Statistiek en kansrekening > Centrum en spreiding
12345Centrum en spreiding

Antwoorden van de opgaven

Opgave V1
a

Beide gemiddelden zijn 6,4.

b

Sven is veel constanter, Thijmen wisselt erg in zijn resultaten. Dus Thijmen heeft een grotere spreiding.

c

Sven is veel constanter, Thijmen wisselt erg in zijn resultaten. Je zou dus kunnen zeggen dat Sven het beter gedaan heeft. Maar voor een paar toetsen scoort Thijmen erg hoog, je kunt dus ook zeggen dat Thijmen het beter heeft gedaan.

Opgave 1
a

Sven: 6,4.
Thijmen: 3,5.

b

Eerst alle cijfers op volgorde zetten. En dan de middelste uitkiezen.
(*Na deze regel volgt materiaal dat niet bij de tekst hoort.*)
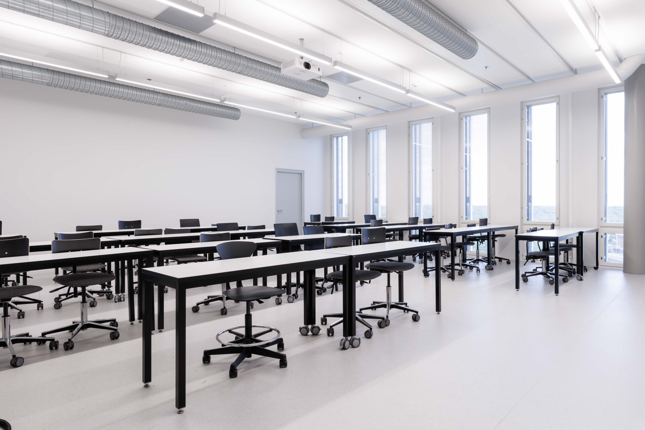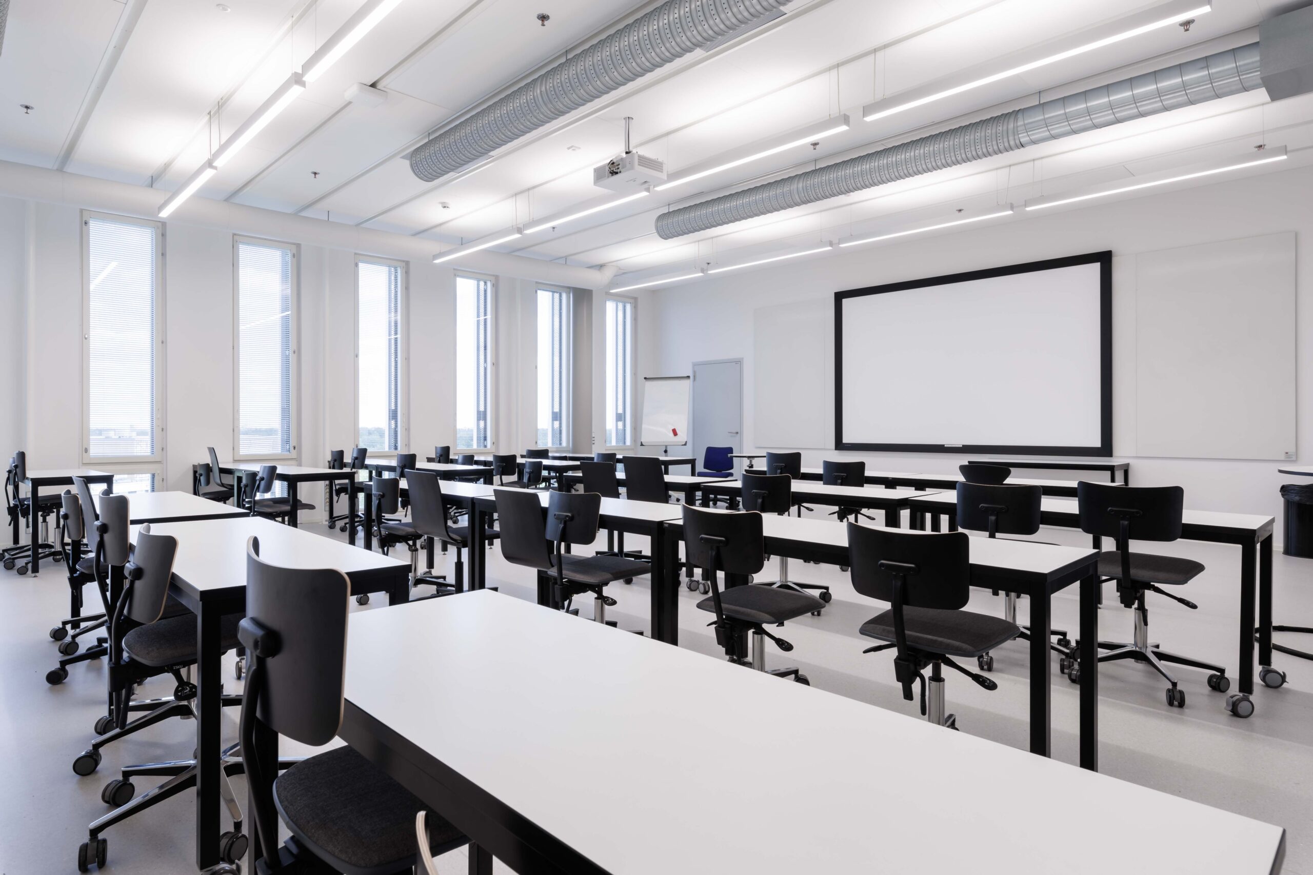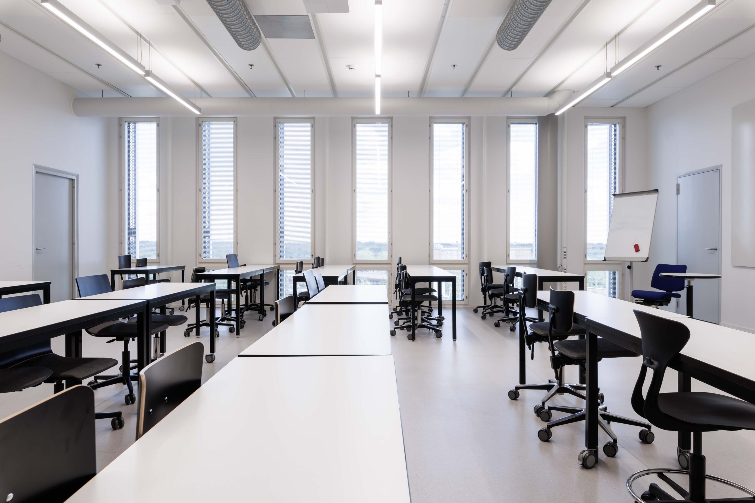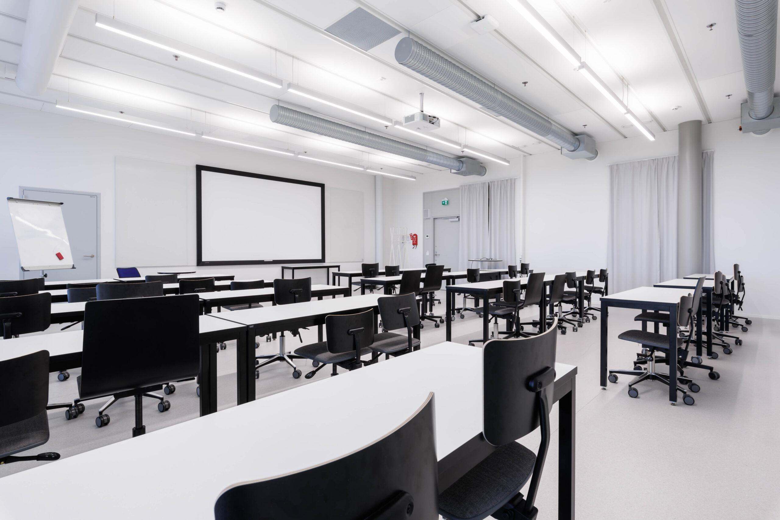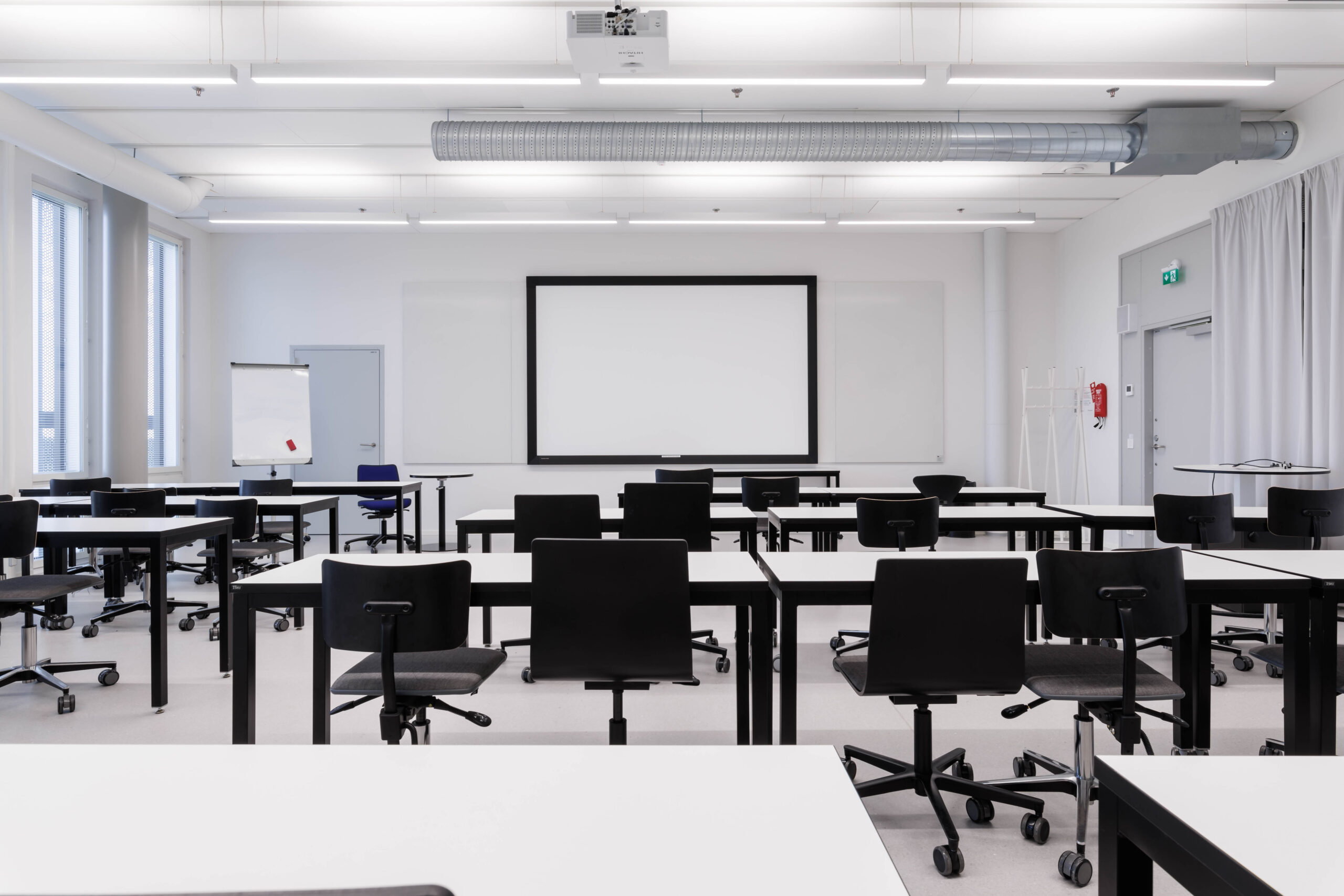 Korkeat pöydät ja tuolit, tilassa etäprojektori.

Sven 6,3 6,3 6,4 6,4 6,4 6,4 6,5 6,5 6,5
Thijmen 3,5 3,5 4,7 5,8 6,3 7,2 8,5 8,9 9,3

Sven: 6,4.
Thijmen: 6,3.

c

Omdat er weinig cijfers zijn zegt de modus niks nuttigs, dat daar bijvoorbeeld bij Thijmen een 3,5 uitkomt ligt puur aan het feit dat hij bij toeval twee keer dat resultaat heeft behaald.
En eigenlijk geldt voor de mediaan hetzelfde, dat getal is alleen een mooie opstap voor het maken van een boxplot.

Opgave 2
a

Sven: 6,5 - 6,3 = 0,2 .
Thijmen: 9,3 - 3,5 = 5,8 .

b

Bekijk in de antwoorden van de vorige opgave de tabel met hun cijfers op volgorde.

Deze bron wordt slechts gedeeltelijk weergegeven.